SionBayliss / PIRATE

A toolbox for pangenome analysis and threshold evaluation.
GNU General Public License v3.0
89 stars 29 forks source link

pangenome_alignment.fasta file explanation #35

Closed cizydorczyk closed 4 years ago

cizydorczyk commented 4 years ago

Hello,

I just wanted to clarify what the pangenome alignment file contains. From my understanding, it contains all genes in the pangenome, concatenated together, with a sequence for each sample in the PIRATE run. Genes are in the same order as in the ordered tsv file. Is this correct?

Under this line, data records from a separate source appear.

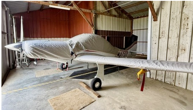
Micco SP20 Wing and Engine Covers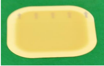
NU-Derm Hydrocolloid Wound Dressing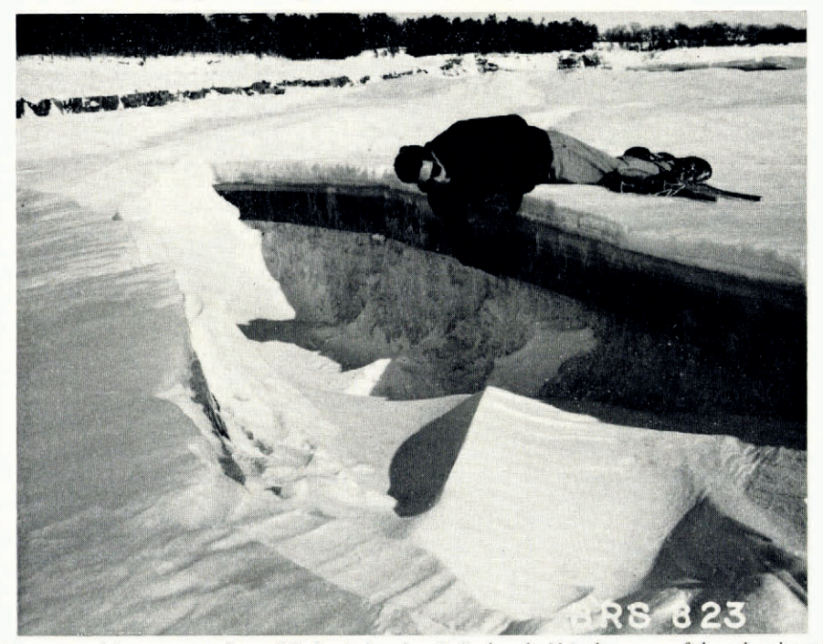
Fig. 3. An exposure of the upper part of one of the humps by a longitudinal crack. Note the 25 cm. of clear river ice underlain by porous ice 5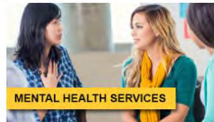
MENTAL HEALTH SERVICES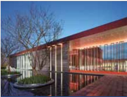
重慶旭輝御璟湖山 Chongqing CIFI Glory Land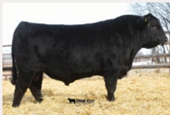
Winston 25F - \frac{3}{4} brother to FAR 56J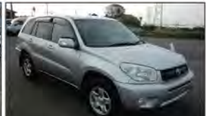
Ref.27408 PRICE: $5,460 TOYOTA RAV4 Year 2004 AT 1,990cc PETROL Mileage 119,000km Color Silver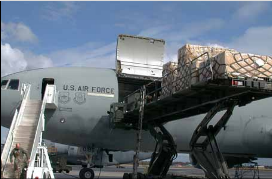
Not all AEF deployments will be targeted toward combat operations. Here, relief supplies are loaded on a KC-10 bound for Guatemala in the aftermath of flooding last year. Suffering itself may be the "target" that AEFs will attack.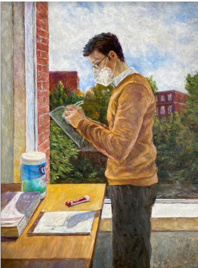
Oil painting – “Gearing up before Teaching—My War against COVID”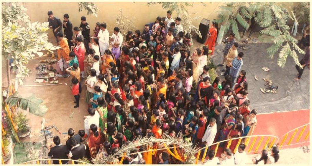
Students are present on the occasion of 'Nirmali' on Saraswati Puja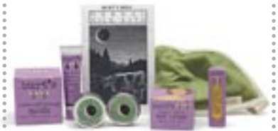
Burt's Bees Queen Bee gift pack, £30, Velvet, 01273 326007.

For a good rest after a day with the kids.

If so, are the genes concatenated simply end-to-end, or is some spacer used? And how are missing genes handled? "N"s or "-"? I understand that dosage > 1 genes are replaced by "?", but does this refer to all copies of the gene, or subsequent (after the first, however that is defined)?

Thank you! Conrad

SionBayliss commented 4 years ago

Hi Conrad,

The genes are concatenated end to start (forward orientation) with no spacer. They are printed in the order of the genes in *.ordered.tsv file (default). The GFF denoted the position of each gene. Ambiguous positions, such as multiple potential copies or the same gene, are replaced with a dash ("-") to differentiate them from missing genes or gaps caused by alignment which are denoted with an N (Note: the ? is likely due to an older version of PIRATE).

There will only ever be one sequence per genome for a gene family. The option --multi-include will include the longest version of multi copy genes instead of replacing them with a dash.

There are some other options in create_pangenome_alignment script that maybe useful.

All the best, Sion

cizydorczyk commented 4 years ago

Great, thank you for the clarification!